The Okie asks the others to shut up, but they don’t listen. He checks his shirt pocket, shakes out a cigarette and lights it. He blows a plume and hands the girl the lighter once again. She just holds it in her hand, looking up at the faces around her. The whirl of attention. Who is she to have such attention?
‘What is she? Five, Okie? Shouldn’t you wait until ten?’
‘I told you to shut up.’
And then Adele notices it. Her mother’s chiffon gown
, the image that she had fled since dawn. It has cornered her here. A garment without a body, animated through terrible magics. The jerked and slouching movements as if borne on damaged feet. The emptiness where a head and face should be.
‘What’s bloody wrong with the guards, today,’ shouts a soldier. ‘Who the hell is that?’
‘Nobody,’ answers another. ‘The girl’s mother. Some whore from Carenage.’
The dress spots Adele and flies toward her as if borne upon storm-winds. A hand appears from the sleeve, and it holds her with a grip that no human could ever match. Adele is dragged like a doll toward the gates of the base, back toward the village and the life that awaits her there, and all about is laughter at this spectacle. Finally, the pulling stops. The dress wheels to face the soldiers, and a voice comes forth like a mother’s. It shouts and lays accusations against all those milling about to take in the sport. It calls men by name and shames them and charges them with stupidity and cruelty. It shouts out their unfaithfulness, the helplessness of their bodies, the lies of their manhood. There is a shift in the laughter around her, an uneasiness growing into malice.
‘You lies,’ she screams. ‘You lives of comforting lies.…’
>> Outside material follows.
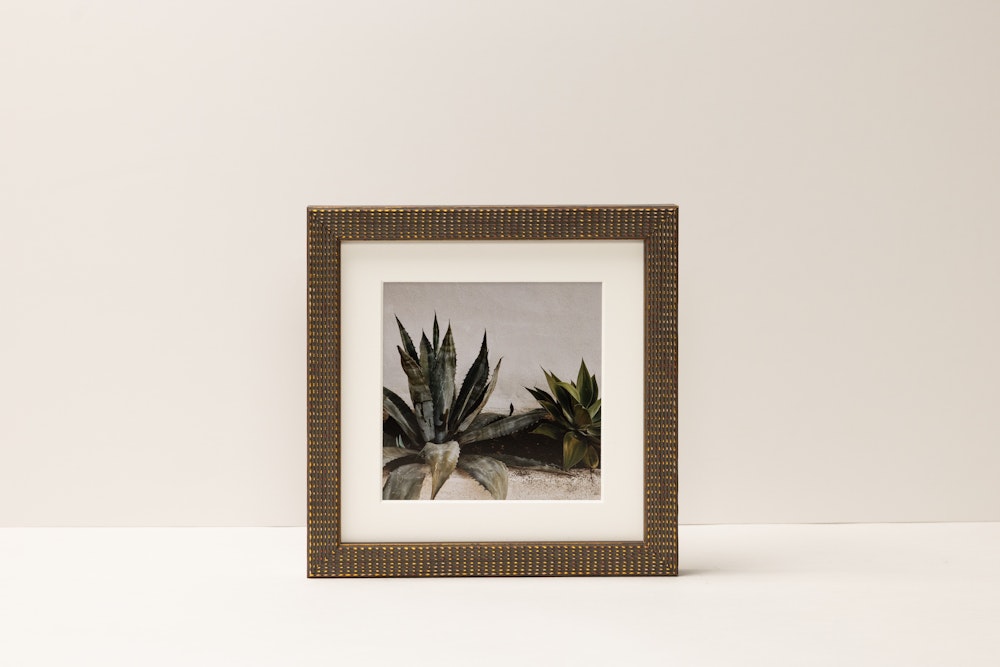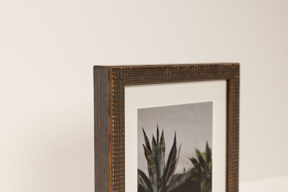 Bring WARMTH and SUBTLE TEXTURE to your walls with this rich brown frame, accented by REFINED gold dot detailing.
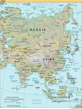 Asia es el continente más grande de la Tierra y el de mayor población. Su superficie es de 44.541.138 km² y en él habitan más de 4.000 millones de personas, que representa más de la mitad de la población mundial. Se encuentra en el hemisferio oriental y, casi en su totalidad, se ubica en el hemisferio norte.

A smash of oil and filth in Adele’s nostrils. She gasps and staggers with the violence of the attack, and turns just quickly enough to see a soldier moving away with the empty wash bucket. Giggling like an idiot. The water filled with oil and tar and solvents entirely soaks her mother, the intended target, but some of it has splashed upon Adele too, clogging her nose and soaking the back of her neck, her head. It stinks so much she retches. Gasoline vapours. It will never come out, Adele knows instantly. They will forever stink of something shat from the bowels of the earth and cooked in hell. They will never be clean again.